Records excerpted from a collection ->

>>>

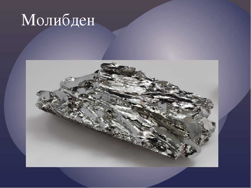 Молибден, как и вольфрам, в периодической системе элементов Д. И. Менделеева расположен в VI группе, но в 5-м периоде. Наиболее характерно для него шестивалентное состояние, хотя известны соединения, в которых молибден имеет другие валентности. Его порядковый номер 42; атомная масса 95,95; плотность при комнатной температуре 10200 кг/м3. Молибден относится к тугоплавким металлам, является переходным элементом. Он плавится при 2620±10°С и кипит примерно при 4800 °С.
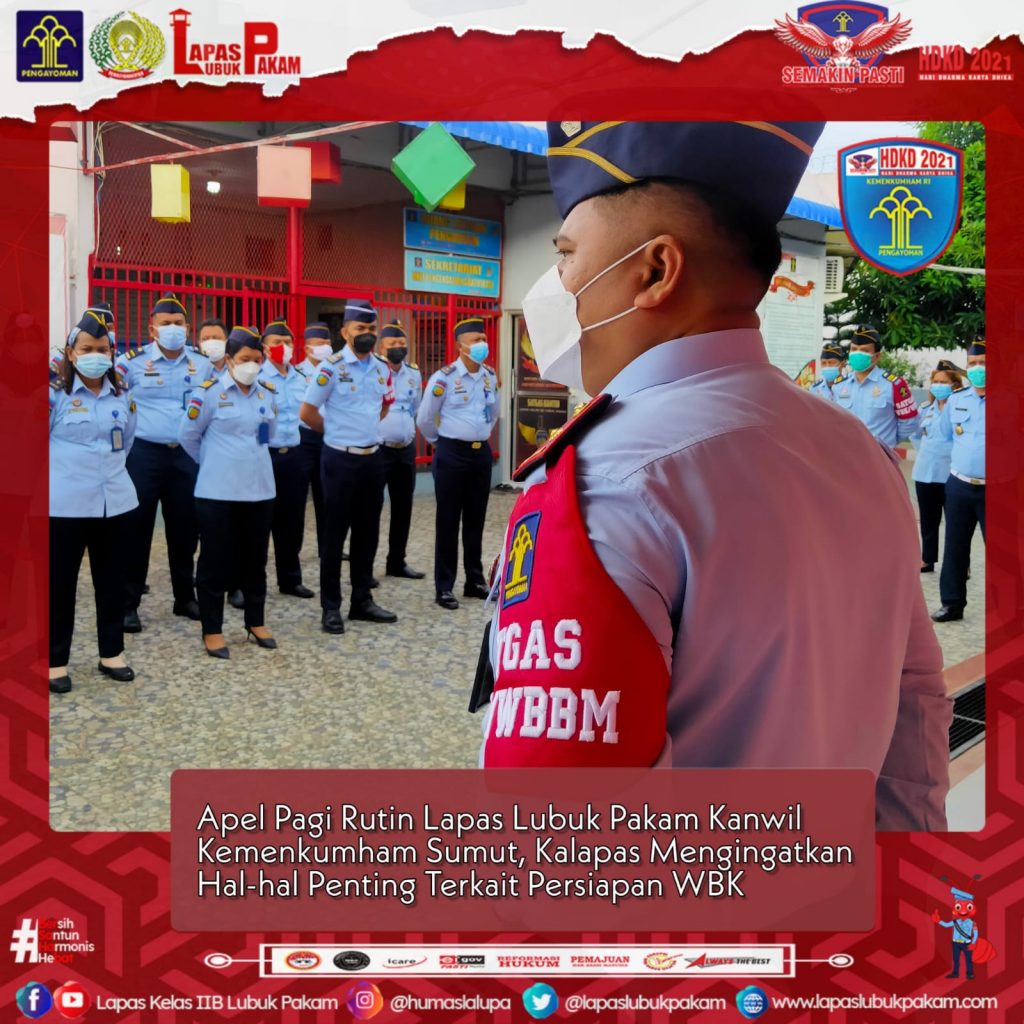 Apel Pagi Rutin Lapas Lubuk Pakam Kanwil Kemenkumham Sumut, Kalapas Mengingatkan Hal-hal Penting Terkait Persiapan WBK
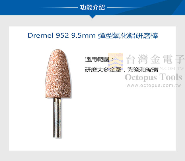 Dremel 952 9.5mm 彈型 氧化鋁研磨棒 ◆ 高品質的工業磨料, 適用大多數金屬,陶瓷和玻璃。 ◆ 適用於如金屬,鑄件,焊接點,鉚釘和鏽蝕處。 ◆ 亦適用於塑型,去毛刺和各種研磨,包括不銹鋼等多種材質。 ◆ 特別針對錐形表面作業而設計。 ◆ 3.2mm軸柄
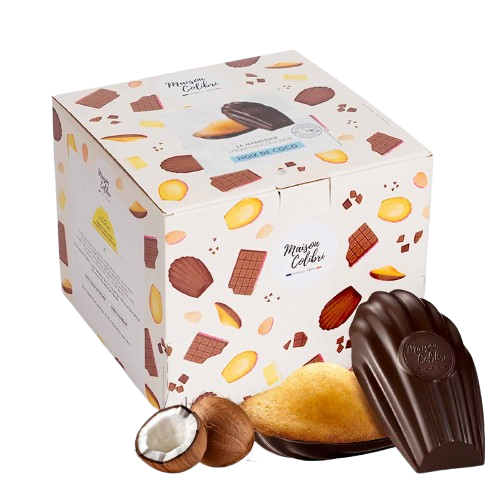 Recette unique et déposée, la coque en chocolat est la marque de fabrique de la Maison Colibri. Les madeleines sont moulée dans du chocolat au lait ou noir et composées de plus de 30% de chocolat. La coque en chocolat est épaisse et croquante.
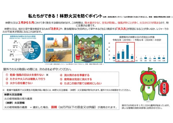 全国での大規模な山火事を受けて、長野県林務部では毎年3月1日から実施している山火事予防運動を1ヵ月早めて2月1日から実施しております。
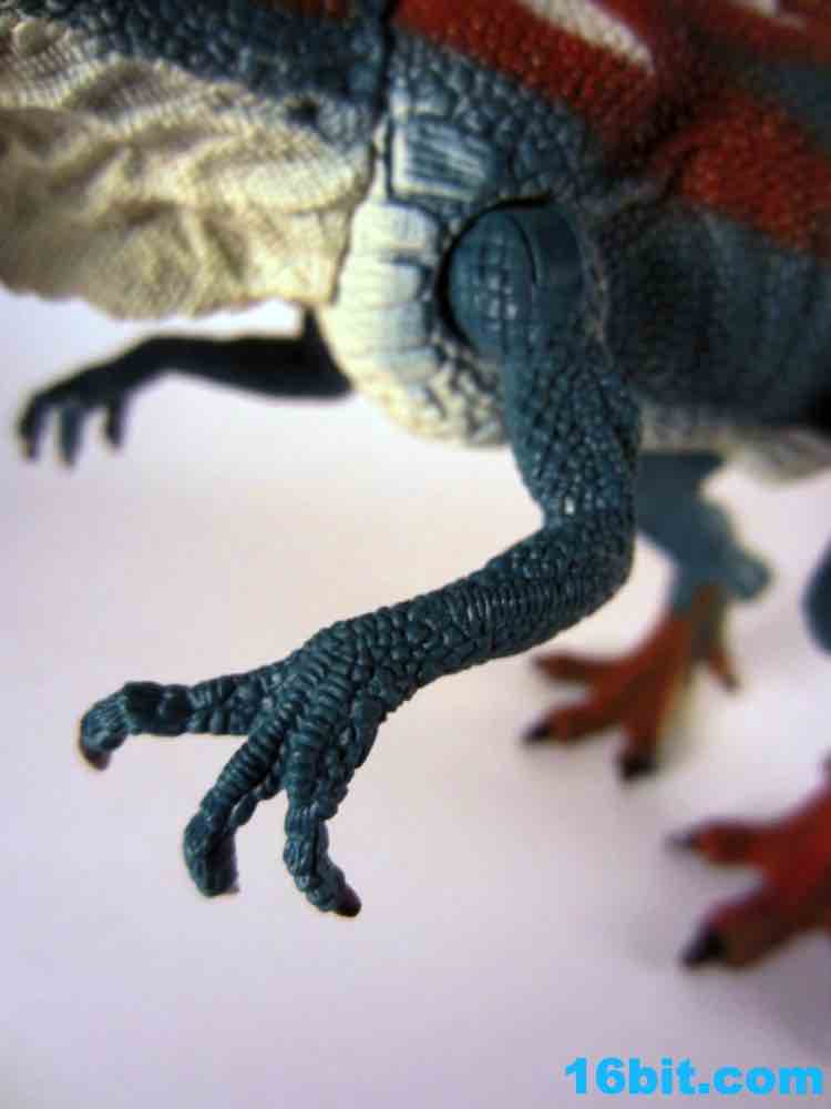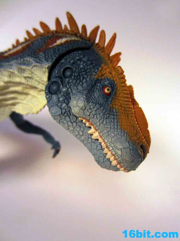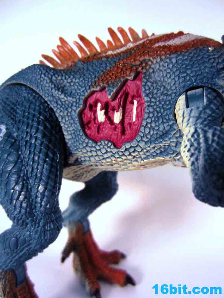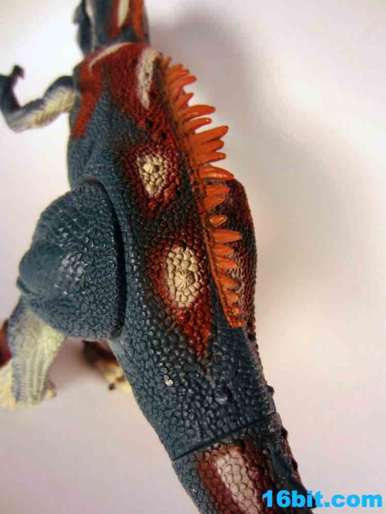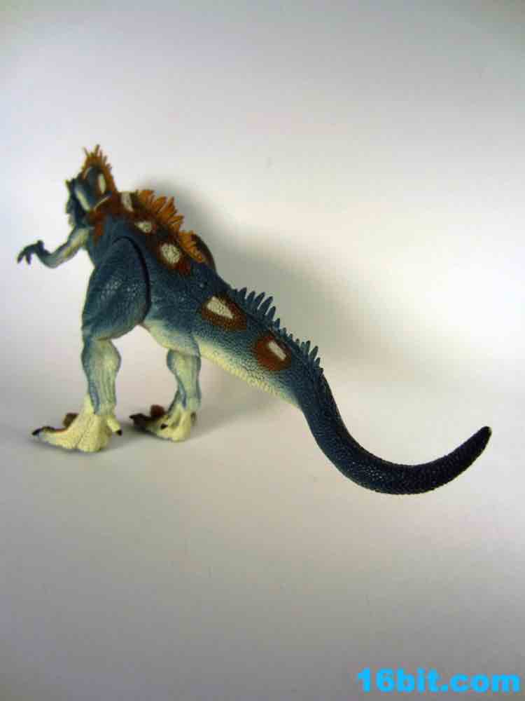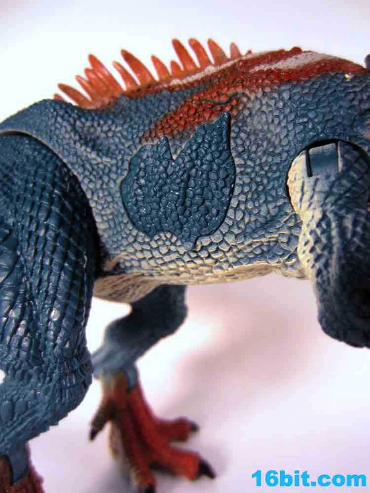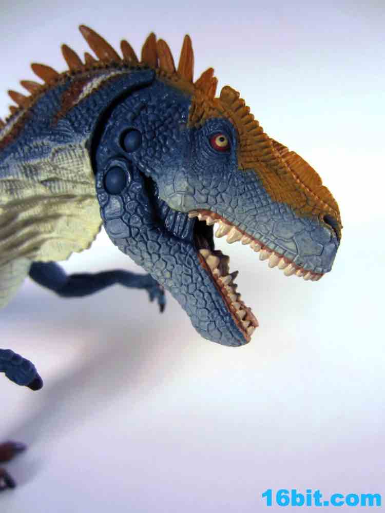An attempt at modernizing the Allosaurus, this toy has feather-like spines on his back and a colorful coat of paint bringing his excellent sculpt to life. He also has a ton of articulation, and may be the first dinosaur in the range to sport ball-jointed ankles and shoulders plus an articulated jaw. Previous dinosaurs tended to rely on rubbery plastic, Allosaurus has a couple of joints giving him the ability to look down as well as clamp his jaws shut if you're so inclined. This gives him some added personality, as does the optional removable hunk of flesh and exposed flesh wound.
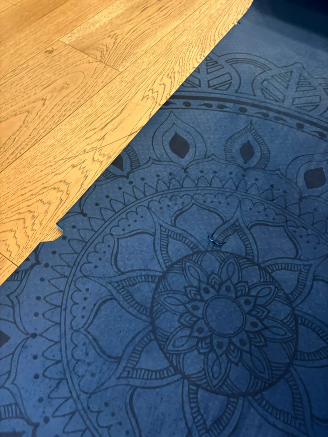 A blue yoga mat featuring an intricate mandala design. It's made of a durable material for good grip during your practice. This mat is suitable for yoga, stretching, or general fitness exercises. Minor damaged but still has lots of life left.
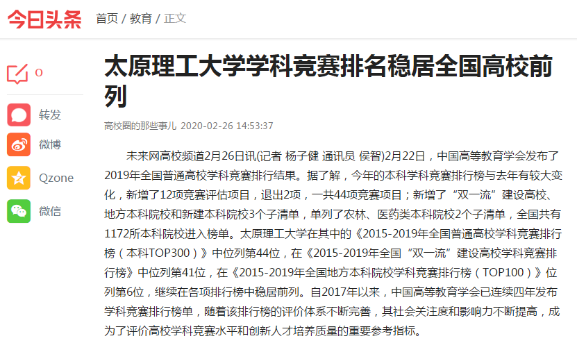 356体育在线官网学科竞赛排名稳居全国高校前列
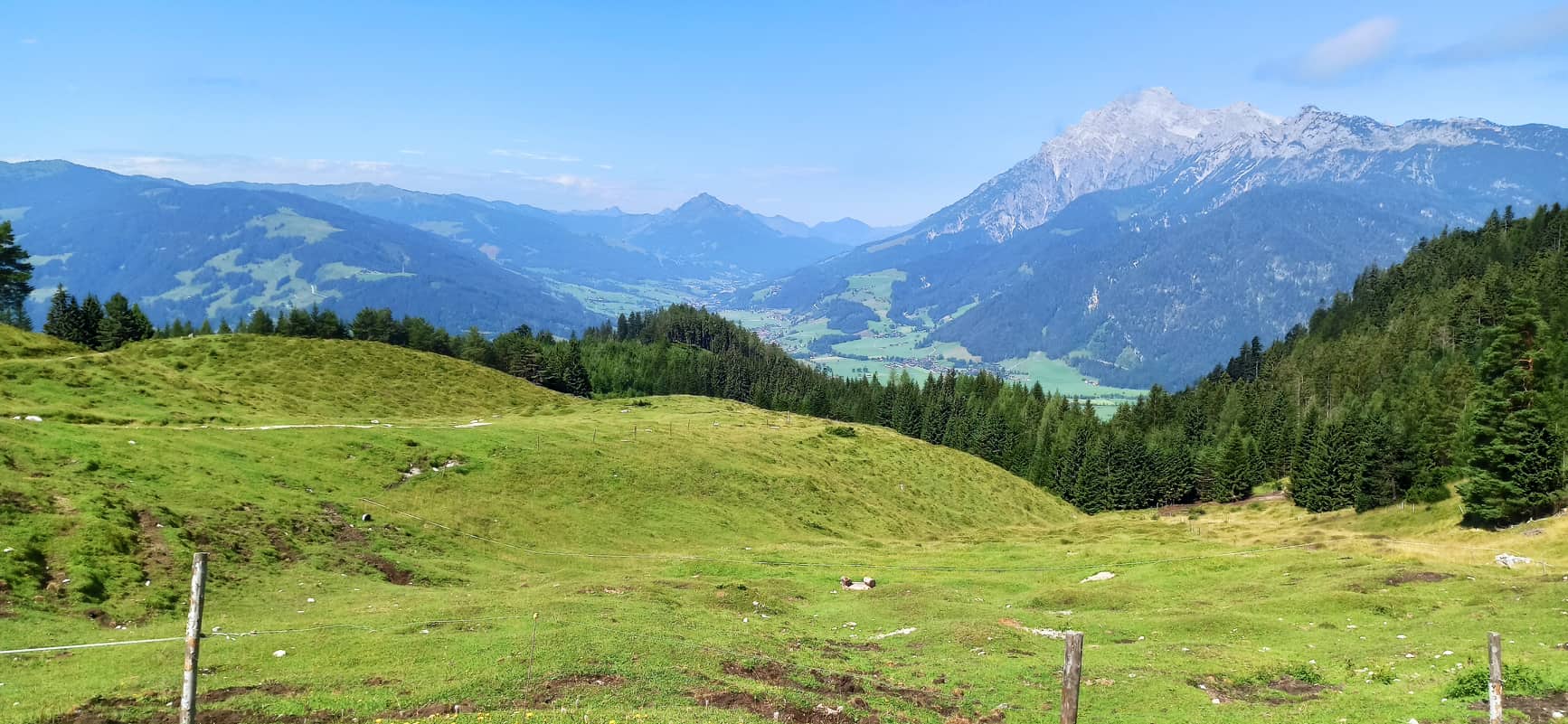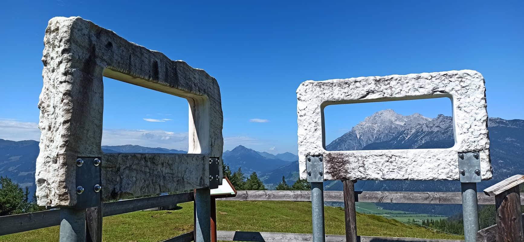 Abschließend empfehlen wir euch, vor dem Abstieg unbedingt noch ein bisschen im Almgebiet umherzuschlendern. Einige Meter leicht schräg aufwärts der Steinalm findet ihr eine tolle Aussichtsplattform mit einer breiten Panoramatafel, die euch all die Gipfel näherbringt. Etwas weiter vorne habt ihr sowohl den Saalfeldener Ritzensee als auch den Zellersee wunderbar im Blickfeld. Und last but not least könnt ihr diese wunderbare Aussicht durch ganz besondere Bilderrahmen genießen, angefertigt aus Sölktaler Marmor wurden sie dort optimal platziert und dienen euch als Ziermotiv für wunderschöne Urlaubsfotos.
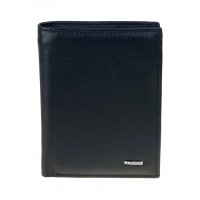 Мужское портмоне из натуральной кожи. Внутри два отделения под купюры и потайной карман на молнии. На левом развороте 3 отсека для пластиковых карт и два отсека с пластиковым окном. На правом развороте карман на магнитной кнопке.
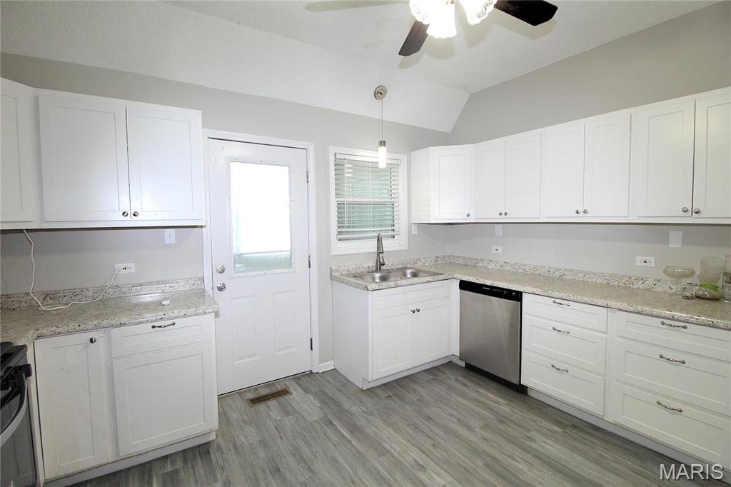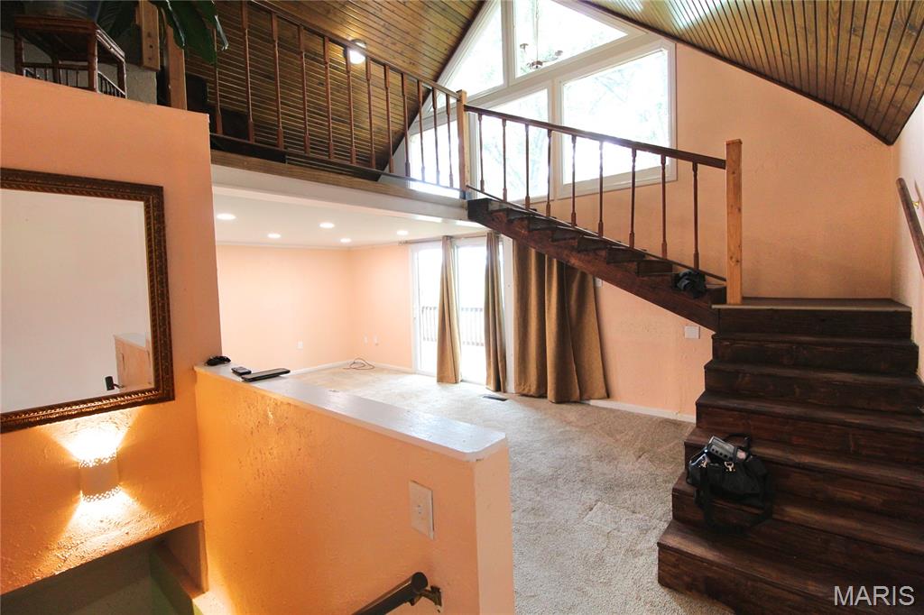 Welcome to 27939 County Hwy 8 in Dubois, IL! This beautifully updated 3-bedroom, 3-bath A-frame home blends rustic charm with modern comfort. The main level features a spacious living and dining area with vaulted ceilings, a well-appointed kitchen with pantry storage and stainless steel appliances, a primary bedroom, guest bedroom, full bath, and a convenient laundry/mudroom. Off the kitchen, enjoy your morning coffee in the sunroom or step out onto the deck for peaceful privacy. Upstairs, a newly designed loft space fills the home with natural light and leads to the third bedroom and another full bath. The unfinished basement provides abundant storage, an additional full bath, and your own personal sauna. Outside, the fenced yard and greenhouse make gardening a joy, while the oversized 2-car garage offers plenty of space for vehicles and tools. Set on a serene rural lot yet just minutes from town, this one-of-a-kind home is ready for its next chapter. Schedule your private showing today!

<<<

Task prompt ->
Return the entries verbatim without images.

Written answer ->
 Молибден, как и вольфрам, в периодической системе элементов Д. И. Менделеева расположен в VI группе, но в 5-м периоде. Наиболее характерно для него шестивалентное состояние, хотя известны соединения, в которых молибден имеет другие валентности. Его порядковый номер 42; атомная масса 95,95; плотность при комнатной температуре 10200 кг/м3. Молибден относится к тугоплавким металлам, является переходным элементом. Он плавится при 2620±10°С и кипит примерно при 4800 °С.
 Apel Pagi Rutin Lapas Lubuk Pakam Kanwil Kemenkumham Sumut, Kalapas Mengingatkan Hal-hal Penting Terkait Persiapan WBK
 Dremel 952 9.5mm 彈型 氧化鋁研磨棒 ◆ 高品質的工業磨料, 適用大多數金屬,陶瓷和玻璃。 ◆ 適用於如金屬,鑄件,焊接點,鉚釘和鏽蝕處。 ◆ 亦適用於塑型,去毛刺和各種研磨,包括不銹鋼等多種材質。 ◆ 特別針對錐形表面作業而設計。 ◆ 3.2mm軸柄
 Recette unique et déposée, la coque en chocolat est la marque de fabrique de la Maison Colibri. Les madeleines sont moulée dans du chocolat au lait ou noir et composées de plus de 30% de chocolat. La coque en chocolat est épaisse et croquante.
 全国での大規模な山火事を受けて、長野県林務部では毎年3月1日から実施している山火事予防運動を1ヵ月早めて2月1日から実施しております。
An attempt at modernizing the Allosaurus, this toy has feather-like spines on his back and a colorful coat of paint bringing his excellent sculpt to life. He also has a ton of articulation, and may be the first dinosaur in the range to sport ball-jointed ankles and shoulders plus an articulated jaw. Previous dinosaurs tended to rely on rubbery plastic, Allosaurus has a couple of joints giving him the ability to look down as well as clamp his jaws shut if you're so inclined. This gives him some added personality, as does the optional removable hunk of flesh and exposed flesh wound.
 A blue yoga mat featuring an intricate mandala design. It's made of a durable material for good grip during your practice. This mat is suitable for yoga, stretching, or general fitness exercises. Minor damaged but still has lots of life left.
 356体育在线官网学科竞赛排名稳居全国高校前列
 Abschließend empfehlen wir euch, vor dem Abstieg unbedingt noch ein bisschen im Almgebiet umherzuschlendern. Einige Meter leicht schräg aufwärts der Steinalm findet ihr eine tolle Aussichtsplattform mit einer breiten Panoramatafel, die euch all die Gipfel näherbringt. Etwas weiter vorne habt ihr sowohl den Saalfeldener Ritzensee als auch den Zellersee wunderbar im Blickfeld. Und last but not least könnt ihr diese wunderbare Aussicht durch ganz besondere Bilderrahmen genießen, angefertigt aus Sölktaler Marmor wurden sie dort optimal platziert und dienen euch als Ziermotiv für wunderschöne Urlaubsfotos.
 Мужское портмоне из натуральной кожи. Внутри два отделения под купюры и потайной карман на молнии. На левом развороте 3 отсека для пластиковых карт и два отсека с пластиковым окном. На правом развороте карман на магнитной кнопке.
 Welcome to 27939 County Hwy 8 in Dubois, IL! This beautifully updated 3-bedroom, 3-bath A-frame home blends rustic charm with modern comfort. The main level features a spacious living and dining area with vaulted ceilings, a well-appointed kitchen with pantry storage and stainless steel appliances, a primary bedroom, guest bedroom, full bath, and a convenient laundry/mudroom. Off the kitchen, enjoy your morning coffee in the sunroom or step out onto the deck for peaceful privacy. Upstairs, a newly designed loft space fills the home with natural light and leads to the third bedroom and another full bath. The unfinished basement provides abundant storage, an additional full bath, and your own personal sauna. Outside, the fenced yard and greenhouse make gardening a joy, while the oversized 2-car garage offers plenty of space for vehicles and tools. Set on a serene rural lot yet just minutes from town, this one-of-a-kind home is ready for its next chapter. Schedule your private showing today!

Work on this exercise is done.